The messages shown are intended to be those which likely need action by the
author: error messages, overfull and underfull boxes, undefined citations,
missing characters from fonts, etc.
FLOW OF OPERATION¶
Here is the order in which lines of output are checked:
- 1.
- If the ``next line'' needs to be printed (see below), print it.
- 2.
- Otherwise, if the line matches the built-in list of regexps to ignore, or
any user-supplied list of regexps to ignore (given with
"--ignore", see below), in that order, ignore it.
- 3.
- Otherwise, if the line matches the list of regexps for which the next line
(two lines in all) should be shown, set the ``next line'' flag for the
next time around the loop and show this line. Examples are the usual
"!" and "filename:lineno:" error messages, which are
generally followed by a line with specific detail about the error.
- 4.
- Otherwise, if the line matches the list of regexps to show, show it.
- 5.
- Otherwise, the default: if the line came from stdout, ignore it; if the
line came from stderr, print it (to stdout). (This distinction is made
because TeX engines write relatively few messages to stderr, and it's not
unlikely that any such should be considered.

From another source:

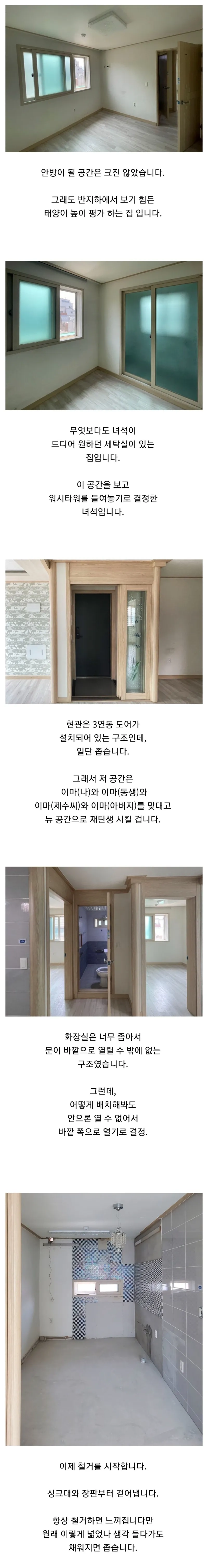 유머동생 14평 빌라 셀프 리모델링 해준 형.. 대박 ㄷㄷ위키뉴스 기자입력북마크공유가글자크기프린트댓글동생 14평 빌라 셀프 리모델링 해준 형.. 대박 ㄷㄷ 위키뉴스 기자[email protected]카카오톡페이스북트위터밴드URL복사
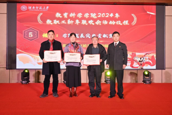 在大会表彰环节,刘铁芳向荣休教师汪植英、张传燧、燕良轼颁发“公司发展突出贡献奖”。公司党委书记鲁良等院领导分别颁发“党建管理篇”的党建贡献奖、工会工作贡献奖,“公司产品篇”的教学贡献奖、人才培养工作贡献奖、师范专业认证贡献奖,“学术科研篇”的科研贡献奖、团队建设贡献奖等七项表彰。

Once a particular check matches, the program moves on to process the next line.
Don't hesitate to peruse the source to the script, which is essentially a
straightforward loop matching against the different lists as above. You can
see the exact regexps being matched in the different categories in the source.
Incidentally, although nothing in this basic operation is specific to TeX
engines, all the regular expressions included in the program are specific to
TeX. So in practice the program isn't useful except with TeX engines, although
it would be easy enough to adapt it (if there was anything else as verbose as
TeX to make that useful).
OPTIONS¶
The following are the options to "texfot" itself (not the TeX engine
being invoked; consult the TeX documentation or the engine's
"--help" output for that).
The first non-option terminates "texfot"'s option parsing, and the
remainder of the command line is invoked as the TeX command, without further
parsing. For example, "texfot --debug tex --debug" will output
debugging information from both "texfot" and "tex".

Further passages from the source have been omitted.